A riveting machine is an automated process for fastening two laminated materials together with a metallic fastener called a rivet. It offers increased consistency, productivity, and lower cost than manual riveting. Riveting machine can be powered by electricity, gas, pneumatic (pop riveters and air riveters) or hydraulically.
The most common type of riveting machine is a self-piercing riveter. This machine can be robot-mounted to operate in a flow-line and produces a high-strength joint with good fatigue resistance. A cycle time of 1 to 4 seconds is typical, and the tool has a long service life (in excess of 200 000 applications). This type of riveting machine can be used with all materials but is most suitable for metals such as aluminium and titanium.
Other riveting machines can be driven by a piston, rotary or orbital action, depending on the assembly requirements. These include radial and orbital upset riveting, hot upset riveting and cold upset riveting. For some fastening processes such as forming and forming-and-riveting, a combination of techniques is required to achieve the desired results. The process of forming can be achieved through a riveter or rotary tool and is commonly used in conjunction with a heat-treating system. Hot upset riveting can be used to form difficult-to-form metals such as tungsten, and cold upset riveting is useful for plastic materials such as polypropylene or polyvinyl chloride (PVC).

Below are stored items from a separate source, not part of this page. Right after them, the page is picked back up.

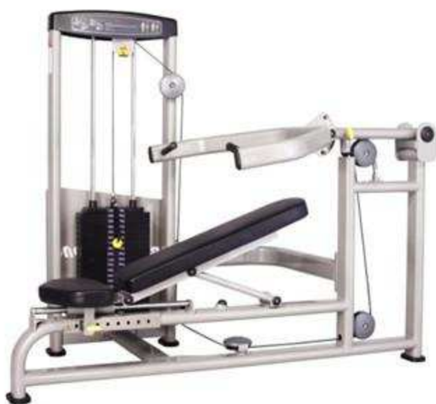
> S3- Multi Press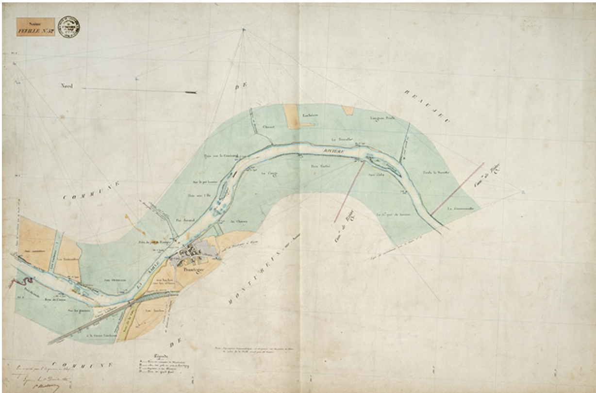
Saône - Feuille n°52.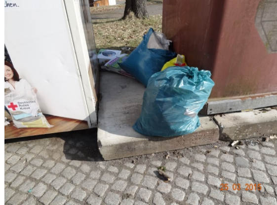
Bilder 6 und 7: illegale Ablagerungen, Standort Pockau, 25.03.2015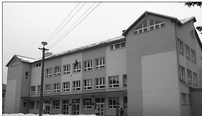
Budova ZŠ J. Horáka

• Kvalifikačné predpoklady: vysokoškolské vzdelanie druhého stupňa alebo vysokoškolské vzdelanie prvého stupňa alebo úplné stred-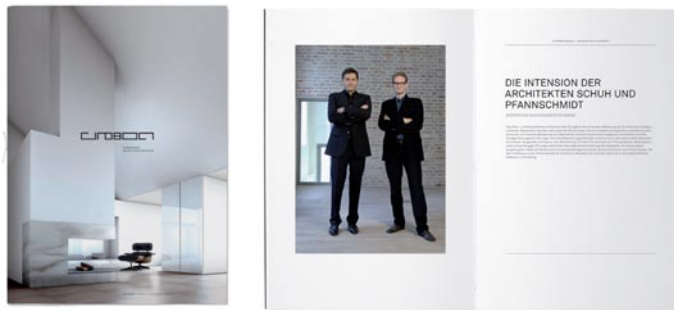
Foto: Euroboden_Edition01_Expose_Cover.tif; Euroboden_Edition01_Expose_Layout.tif BU: Euroboden Edition 01 - Cover und Doppelseite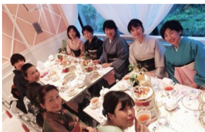
着付け教室で知り合った仲間と着物で楽しくお出かけ!

同店では「自分で着られるようになって、楽しくお出かけ、をモットーに、着付け教室を開校。リニューアルオープンに合わせて新規生を大募集する。練習用の着物・帯・小物一式は無料でレンタルできるので、通いやすと評判。授業は少人数制なのでじっくり学べ、3ヵ月あれば一人で着られるようにも! まずは無料体験に参加してみよう!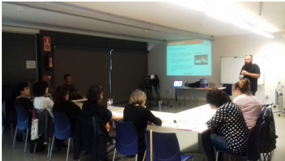
Figura 8: Sesión de formación “Trato adecuado hacia personas con capacidades diversas”

While welding and riveting are broadly popular joining methods, each has unique traits that make it better or worse for certain products. For example, welds produce a permanent and stronger joint than riveted joints, but the use of heat makes it unsuitable for many aluminium products such as kitchen utensils. Riveted products, on the other hand, are easier to disassemble than welded ones and can be inspected for quality.
The emergence of these new riveting technologies can help companies streamline their production lines by eliminating the need to manually set each rivet. The specialized riveters are designed for a specific riveting process and can automatically install them in the correct position to maximize quality. Some riveters even allow for remote control, allowing technicians to monitor production from a safe distance and perform maintenance on the equipment without going out onto the floor.
Riveting machine types vary according to the riveting process and materials being assembled. Some are specialized for specific applications, such as aerospace or automobile parts. Others are more versatile and can be used in a variety of materials, including wood, metal, textiles, or plastics. Some can even be used for riveting a combination of materials, such as an aluminium-steel alloy.
Dedicated riveting machine process monitoring systems, like Orbitform’s Watchdawg, provide the ability to detect and correct faulty riveting processes before they can damage parts or cause structural failures. They work by monitoring the setting force and punch movement throughout the riveting process to create a graph known as a force-displacement curve. The curve is then compared to a trained reference curve to determine whether the riveted part meets the required standards. If the process falls outside of the tolerances, the tool may be flagged and the process halted immediately.